Adrenal insufficiency

Essential adrenal deficiency can likewise give hypoglycemia and cholestasis. At the point when adrenal sickness is serious, as in cortisol manufactured catalyst abandons, adrenal drain or innate nonattendance of adrenals, hypernatremia, hyperkalemia, or questionable genitalia may give analytic insights which were (-ve).

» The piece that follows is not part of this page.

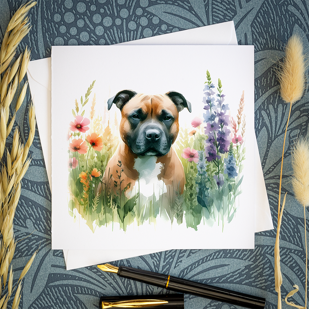 This set of four large Staffordshire bull terrier cards feature beautiful watercolours of Staffordshire bull terriers in wildflower meadows. These designs are unique to Kyloe Creations and you will not find them on the high street. The cards are blank inside and are large enough to write a long note. The cards are made from high quality 250 gsm matt white cardstock. We include white envelopes and tracked postage in the UK in the price shown.

Glycogen storage diseases usually present with hepato- megaly and tendency for hypoglycemia but biopsy is diagnostic and it was also negative.10

Postoperative stress response

As the patient was in stress, measuring cortisol level at 9AM:3.9ng/dl which was low and cortisol level 9 PM:6.1ng/dl which was normal, and TSH, free T3 and T4 which revealed normal free T3, T4 but lower normal TSH:1.67ulU/ML while normal TSH should be (1.7-9) and this was the major clue to suggest poor postoperative stress response in an ill child. The pediatric hormonal stress response has its maximum peak during surgery and resolves by the end of surgical stress or maximally 6 hours later then returns to normal which was found in the lab 48 hours after operation.11,12

Conflicts of interest

The authors have no conflicts of interest to declare.

Funding

None.

Acknowledgements

None.

References

  1. Thornton PS, Charles A, Diva D De Leon, et al. Recommendations from the Pediatric Endocrine Society for Evaluation and Management of Persistent Hypoglycemia in Neonates, Infants, and Children. J Pediatr. 2015;167(2):238–245.
  2.  Cornblath M, Hawdon JM, AF Williams, et al. Controversies regarding definition of neonatal hypoglycemia: suggested operational thresholds. Pediatrics. 2000;105(5): 1141–1145.
  3. Kalhan SC, Angelo LJD, SM Savin, et al. Glucose production in pregnant women at term gestation. Sources of glucose for human fetus. J Clin Invest. 1979;63(3):388–394.
  4. Gandhi K. Approach to hypoglycemia in infants and children. Translational paediatrics. 2017;6(4):408–420.
  5. Ahmad S, Khalid R. Blood glucose levels in neonatal sepsis and probable sepsis and its association with mortality. J Coll Physicians Surg Pak. 2012.22(1):15–18.
  6. Stanley CA. Perspective on the Genetics and Diagnosis of Congenital Hyperinsulinism Disorders. J Clin Endocrinol Metab. 2016;101(3): 815–826.
  7. Ferrara C, Payal Patel, Susan Becker, et al. Biomarkers of Insulin for the Diagnosis of Hyperinsulinemic Hypoglycemia in Infants and Children. J Pediatr. 2016;168:212–219.
  8. Adamkin DH. Postnatal glucose homeostasis in late–preterm and term infants. Pediatrics. 2011;127(3):575–579.
  9. Matsui A, Kasano Y, Yamauchi Y, et al. Direct enzymaticassay of urinary sulfated bile acids to replace serum bilirubin testing for selective screening of neonatal cholestasis. J Pediatr. 1996;129(2):306–308.
  10. Choo–Kang LR, Sun CC, Counts DR. Cholestasis and hypoglycemia: manifestations of congenital anterior hypopituitarism. J Clin Endocrinol Metab. 1996;81(8):2786–2789.
  11. Anand K.J, M J Brown, S R Bloom, et al. Studies on the hormonal regulation of fuel metabolism in the human newborn infant undergoing anaesthesia and surgery. Horm Res. 1985;22(1–2):115–128.
  12. Stanley CA, Paul J Rozance, Paul S Thornton, et al. Re–evaluating "transitional neonatal hypoglycemia": mechanism and implications for management. J Pediatr. 2015;166(6):1520–1525.
Creative Commons Attribution License

©2020 Gaballa, et al . This is an open access article distributed under the terms of the Creative Commons Attribution License , which permits unrestricted use, distribution, and build upon your work non-commercially.